Segment Open

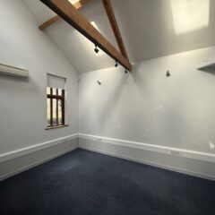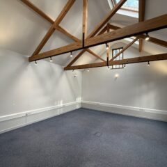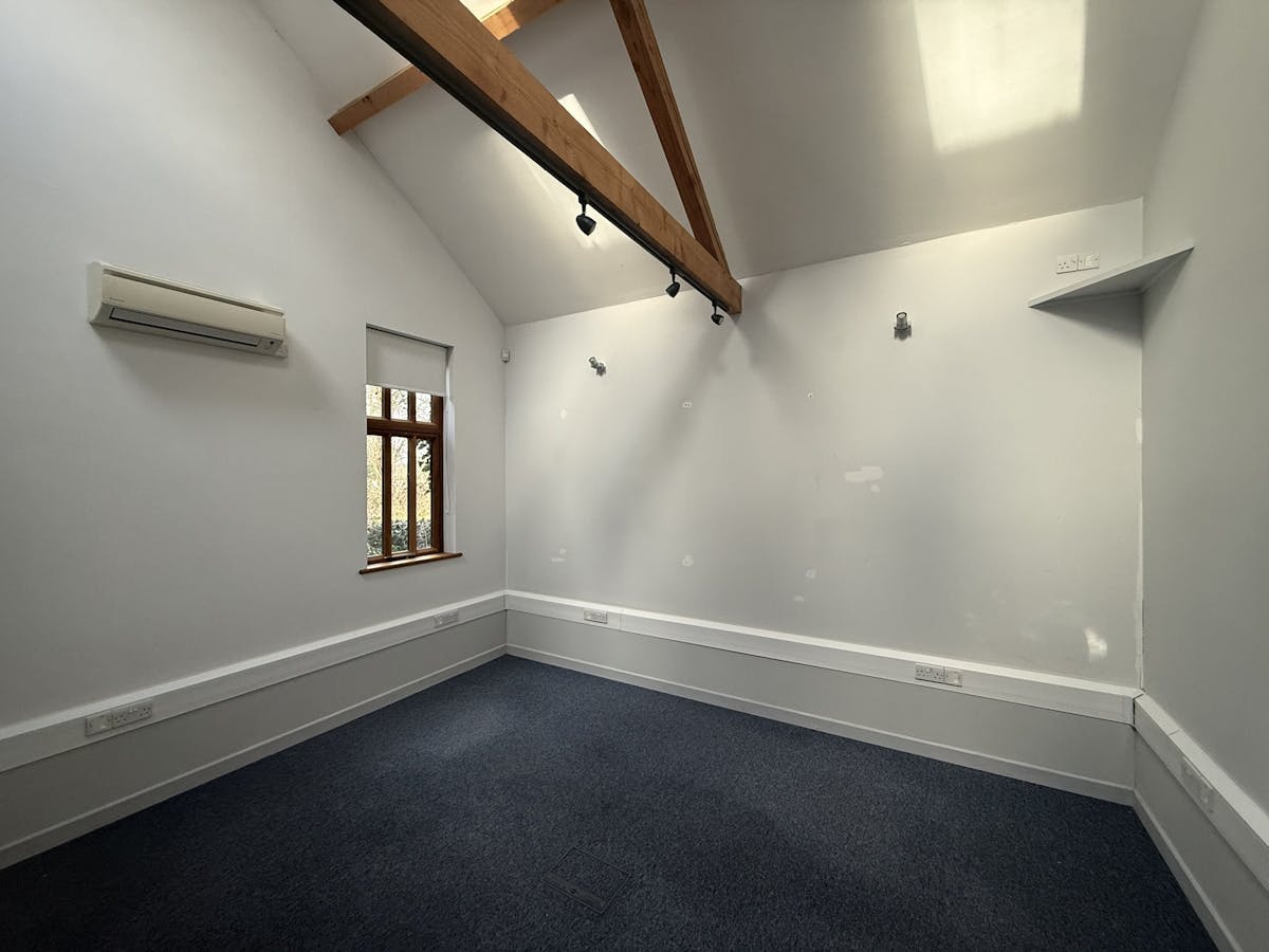 Internally, the space benefits from exposed timber trusses, rooflights, surface-mounted lighting and comfort cooling to sections. The premises further benefits from kitchen facilities and WC provision, together with convenient access to on-site parking with 9+ spaces and external amenity space.
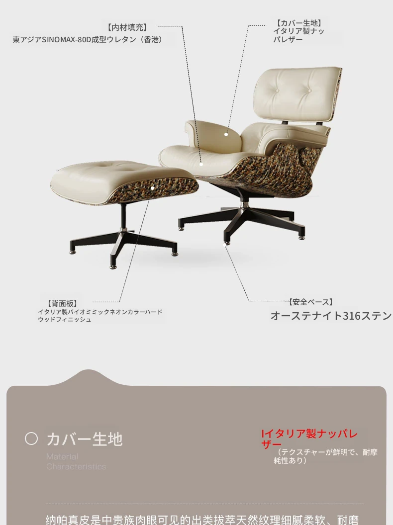 メロラット イームズリクライナー 北欧スタイルのラグジュアリーソファ イタリア製本革 ビジネスシート 回転機能付き リラックスソファ
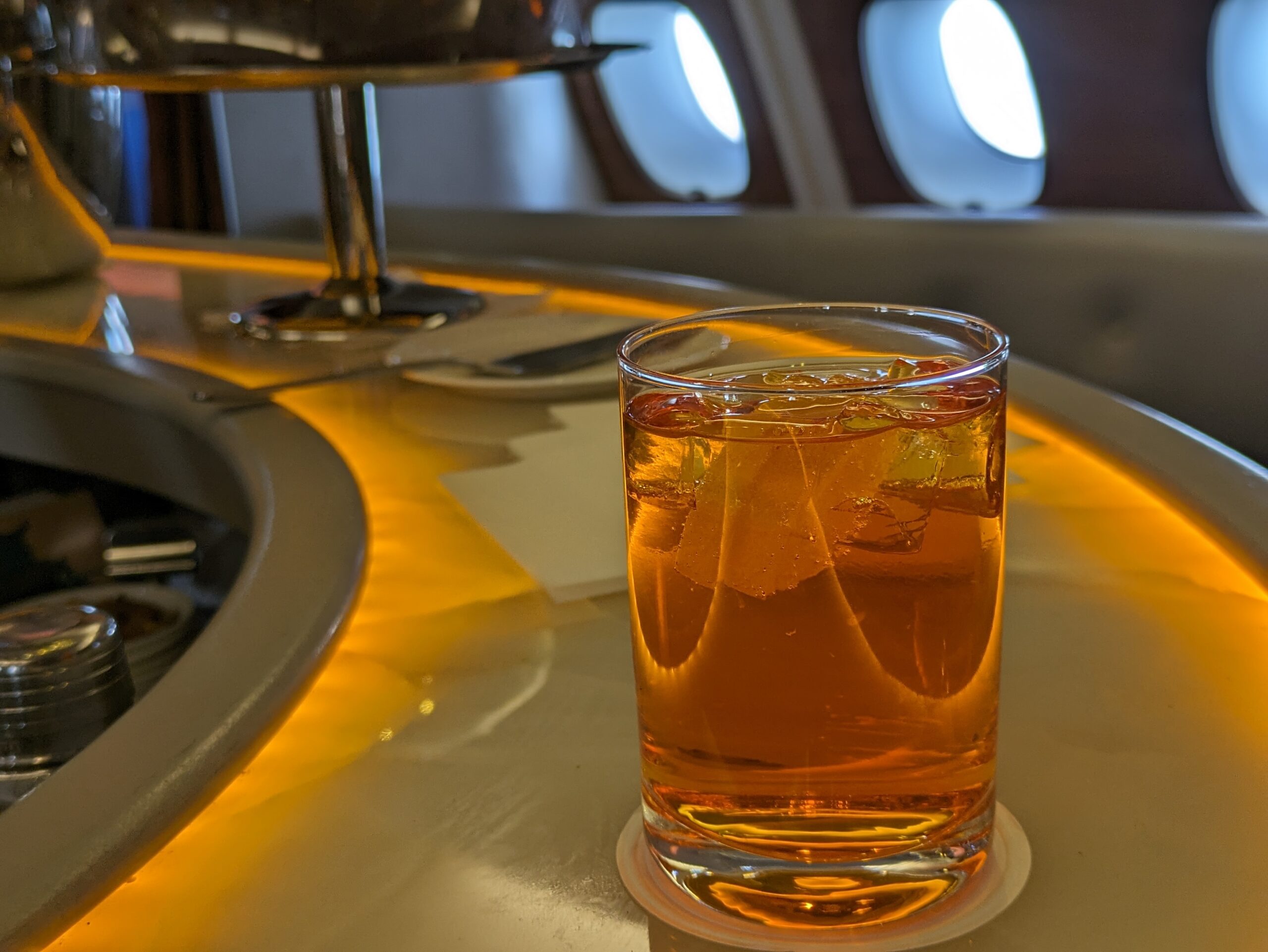 De strategie om zo ver mogelijk voorin de Business Class te gaan zitten heeft gewerkt: bijna iedereen is nog bezig met de maaltijd zodat ik de bar even rustig kan verkennen. Wat een geweldige toevoeging!
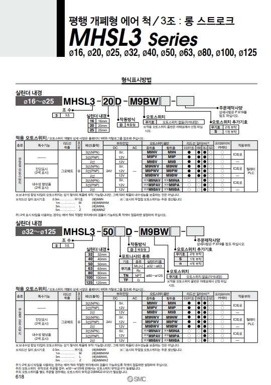 | MHSL3-80D | MHSL3-100D | MHSL3-125D | SMC 에어척 |
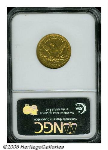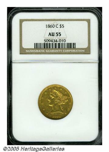 <B>1860-C<$5> AU55 NGC.</B></I> Variety 28-M. Here is an attractive coin for the grade. The obverse is fairly sharp with some luster remaining in the fields, and strong stars all around. The surfaces show moderate handling ticks expected for the grade. As always, the reverse is weakly impressed on the eagle, with softness noted on the lettering as well. The Charlotte Mint continued to use the same reverse die from the 1859 half eagle issue, and by 1860 the die showed both rust and extensive wear when this coin was struck. Things didn't improve in 1861 either. For the Charlotte Mint specialist this quality is about the best one can expect to locate, and most collectors will be happy to acquire this high grade example of this important C-mint rarity. The combined NGC and PCGS population reports show 19 coins this high with 53 pieces seen finer of this date (6/05).
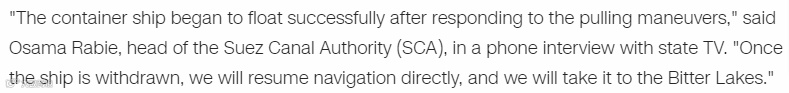苏伊士运河管理局表示,Ever Given已成功浮起,如果潮水上涨,还将进一步尝试移动船只。一旦该船被移至较宽地段的等候区域,运河就能恢复通航。
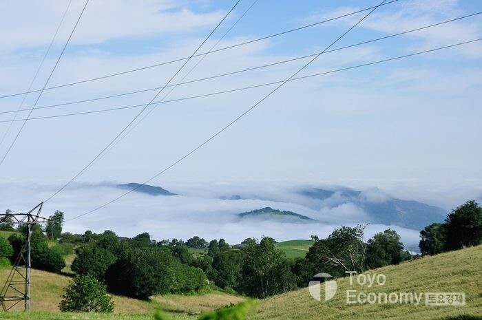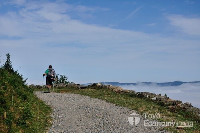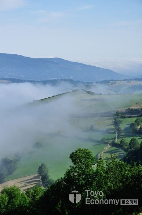이른 아침에 시작하는 순례길은 좋은 점과 나쁜 점이 명확했다. 이른 아침에 걸으면 많은 순례자들을 만난다. 그리고 알베르게를 여유롭게 선점할 수 있다는 점이다. 게다가 아침에만 볼 수 있는 일출, 소몰이, 안개나 운무가득한 풍경들을 만날 수 있다는 점이다. 반대로 사진을 찍는 나에게는 어두운 아침은 좋지가 않다. 의외로 놓치는 풍경이 꽤 된다. 게다가 오후에 도착해도 길에서 만나는 매직아워의 시간을 만날 수 없다. 사진이 단조로워 진다는 점이다. 그래도 푸른 하늘과 산 아래 운무 가득한 풍경을 만나는 것으로 만족해야 했다. 오후가 되면 날아가 버릴 구름이기에...
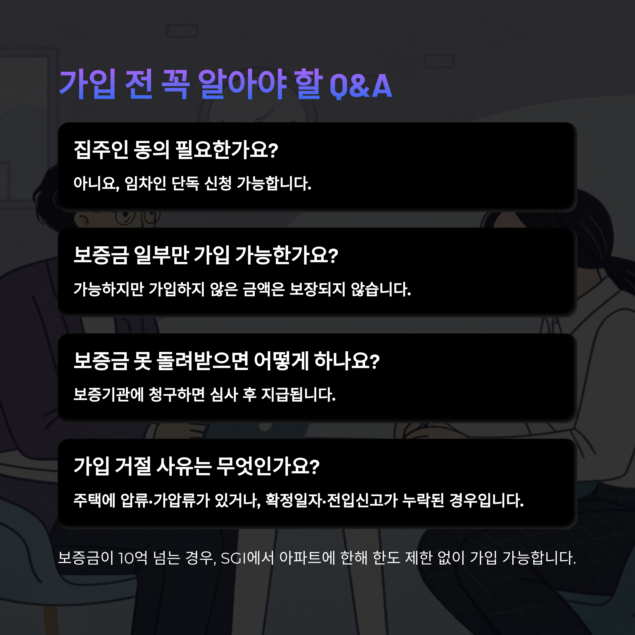 | 보증금 한도 | 수도권 7억, 비수도권 5억, SGI는 10억 또는 무제한 |
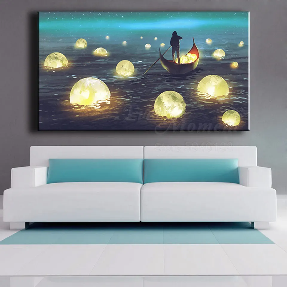 Алмазная живопись с фантазийным пейзажем, яркая луна, океан, полноразмерная полимерная мозаика, вышивка, ручная работа, декор 4Y209
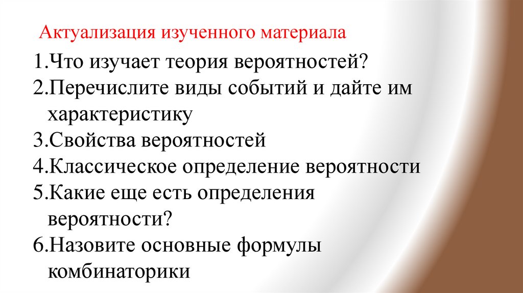 Теория вероятностей. Основные определения. Классическое определение вероятности
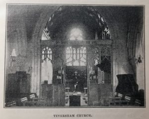 All Saints TevershamParish church, C13 but re-fenestrated and re-roofed in C14. In early C15 the West tower was inserted into the West end of the nave. The church was extensively restored and again re-roofed in 1863.

Segment Closed

* **Task brief**
Retype only the lines above from the one with "MHSL3-125D | SMC 에어척 |" through the one with "<B>1860-C<$5> AU55 NGC.</B></I>", exactly and with both ends. Images stay out.

* **Finished task**
 | MHSL3-80D | MHSL3-100D | MHSL3-125D | SMC 에어척 |
 <B>1860-C<$5> AU55 NGC.</B></I> Variety 28-M. Here is an attractive coin for the grade. The obverse is fairly sharp with some luster remaining in the fields, and strong stars all around. The surfaces show moderate handling ticks expected for the grade. As always, the reverse is weakly impressed on the eagle, with softness noted on the lettering as well. The Charlotte Mint continued to use the same reverse die from the 1859 half eagle issue, and by 1860 the die showed both rust and extensive wear when this coin was struck. Things didn't improve in 1861 either. For the Charlotte Mint specialist this quality is about the best one can expect to locate, and most collectors will be happy to acquire this high grade example of this important C-mint rarity. The combined NGC and PCGS population reports show 19 coins this high with 53 pieces seen finer of this date (6/05).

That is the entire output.